# can someone help me with my math homework?

Prove, using the trigonometric identities,

that

cos((1/2)*θ)= sqrt((cos(θ )+1)/2)

for any 0 ≤ θ ≤ π. Remember to separate the left and right sides in

your proof. Start from the RIGHT side! Moreover: θ =(1/2)*θ+ (1/2)*θ

### 3 Answers

- MathmomLv 72 years agoFavorite Answer
Angle sum identity:

cos(x+y) = cos x cos y − sin x sin y

cosθ = cos(θ/2 + θ/2)

........ = cos(θ/2) cos(θ/2) − sin(θ/2) sin(θ/2)

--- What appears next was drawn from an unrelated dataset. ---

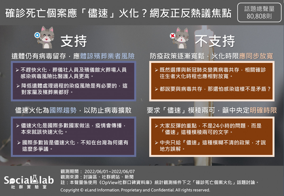 關於確診死亡個案的遺體是否應「儘速」火化,許多網友存有不同看法。支持儘速火化的網友主要仍是基於「防疫」考量,例如從「殯葬業者」的角度出發,由於病毒在個案過世後可能仍有殘存,一旦允許遺體久置,從業人員的染疫風險則可能大增,故說道「不然是要放幾天、放哪裡?難道不該替殯葬業者減低風險?」。另外也有網友從「國際趨勢」的角度分析,提及「疫病死亡24小時火化是對的政策,巴西也是這樣,在中國那處理更快,那是沒辦法的事」,主要擔心確診遺體可能造成病毒傳染的風險。

........ = cos²(θ/2) − sin²(θ/2)

........ = cos²(θ/2) − (1 − cos²(θ/2))

........ = 2cos²(θ/2)−1

RHS = √[(cosθ + 1) / 2]

= √[((2cos²(θ/2)−1) + 1) / 2]

= √(2cos²(θ/2) / 2)

= √(cos²(θ/2))

= |cos(θ/2)|

= cos(θ/2) ..... since cos(θ/2) > 0 for 0 ≤ θ ≤ π

= LHS

- IndikosLv 72 years ago
We have cos(a+b) = cos(a)cos(b) - sin(a)sin(b)

set a = b = x

then cos(2x)

= cos(x + x)

= cos(x)cos(x) - sin(x)sin(x)

= cos^2(x) - sin^2(x)

= cos^2(x) - ( 1 - cos^2(x)

= cos^2(x) - 1 + cos^2(x)

= 2cos^2(x) - 1

so cos(2x) = 2cos^2(x) - 1

so 2cos^2(x) = cos(2x) + 1

cos^2(x) = (cos(2x)+1)/2

or cos(x) = sqrt( (cos(2x)+1)/2)

Now set x = θ/2

so cos(θ/2) = sqrt( (cos(2*θ/2)+1)/2)

= sqrt( (cos(θ)+1)/2)